=== YOUR TASK ===
The result should be the full listing copied exactly, with no pictures in it.

=== SUPPLIED DATA ===

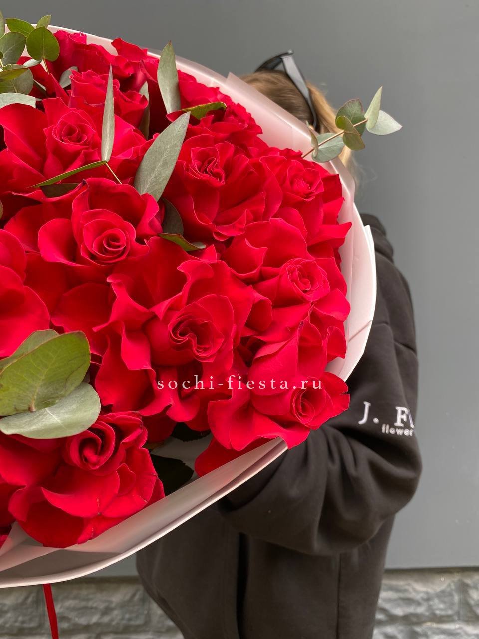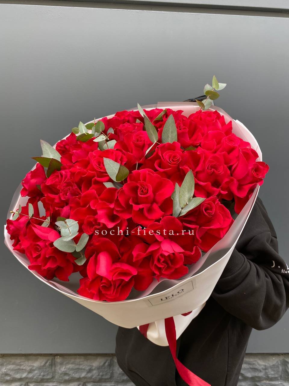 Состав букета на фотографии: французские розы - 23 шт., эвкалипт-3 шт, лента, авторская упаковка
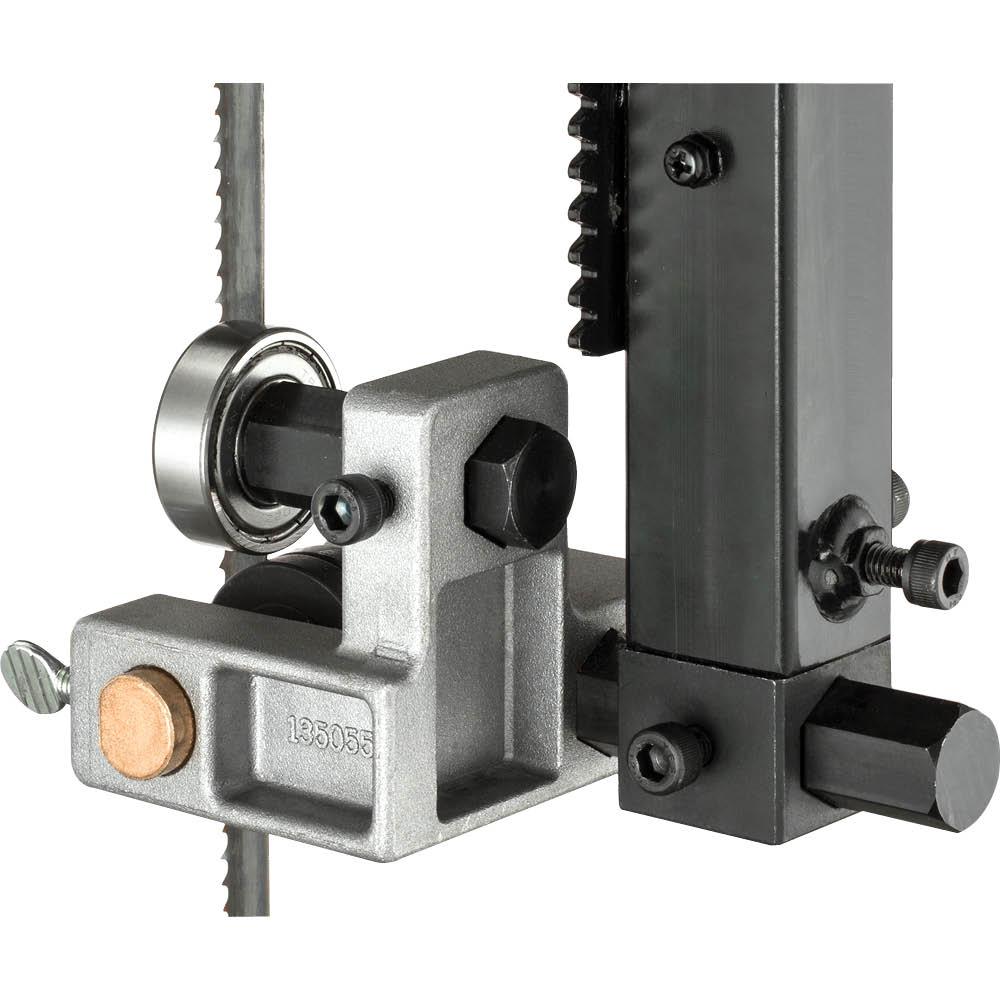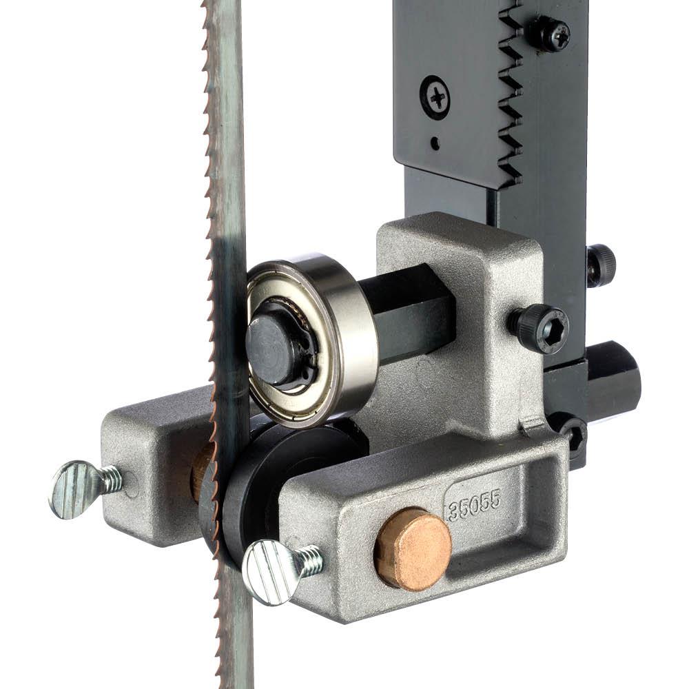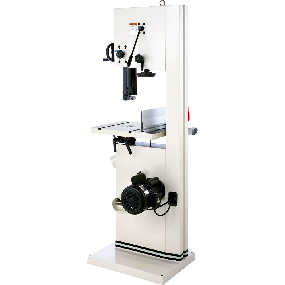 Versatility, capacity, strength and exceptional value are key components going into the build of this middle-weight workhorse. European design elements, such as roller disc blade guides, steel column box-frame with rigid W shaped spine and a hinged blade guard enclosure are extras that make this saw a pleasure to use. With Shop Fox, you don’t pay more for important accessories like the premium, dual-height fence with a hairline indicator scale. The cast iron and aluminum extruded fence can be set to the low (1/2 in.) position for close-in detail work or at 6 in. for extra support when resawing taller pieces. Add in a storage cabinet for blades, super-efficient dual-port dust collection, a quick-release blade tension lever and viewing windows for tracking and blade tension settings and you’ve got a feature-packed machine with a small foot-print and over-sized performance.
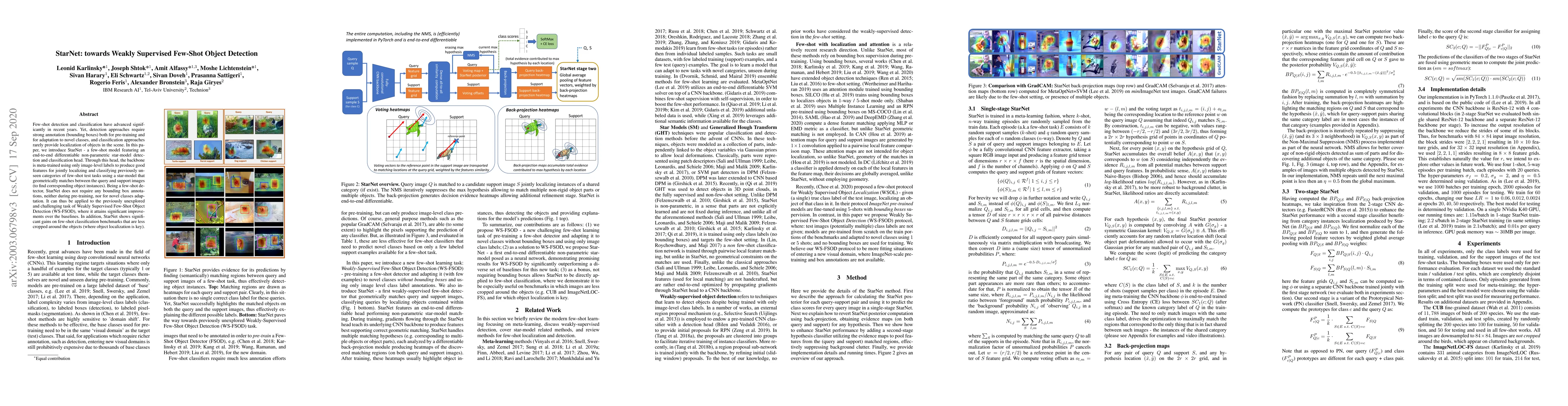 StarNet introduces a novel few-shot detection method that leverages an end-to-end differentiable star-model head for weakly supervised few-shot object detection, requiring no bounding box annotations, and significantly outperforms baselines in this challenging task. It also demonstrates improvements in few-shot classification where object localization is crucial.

=== EXPECTED ANSWER ===
 Состав букета на фотографии: французские розы - 23 шт., эвкалипт-3 шт, лента, авторская упаковка
 Versatility, capacity, strength and exceptional value are key components going into the build of this middle-weight workhorse. European design elements, such as roller disc blade guides, steel column box-frame with rigid W shaped spine and a hinged blade guard enclosure are extras that make this saw a pleasure to use. With Shop Fox, you don’t pay more for important accessories like the premium, dual-height fence with a hairline indicator scale. The cast iron and aluminum extruded fence can be set to the low (1/2 in.) position for close-in detail work or at 6 in. for extra support when resawing taller pieces. Add in a storage cabinet for blades, super-efficient dual-port dust collection, a quick-release blade tension lever and viewing windows for tracking and blade tension settings and you’ve got a feature-packed machine with a small foot-print and over-sized performance.
 StarNet introduces a novel few-shot detection method that leverages an end-to-end differentiable star-model head for weakly supervised few-shot object detection, requiring no bounding box annotations, and significantly outperforms baselines in this challenging task. It also demonstrates improvements in few-shot classification where object localization is crucial.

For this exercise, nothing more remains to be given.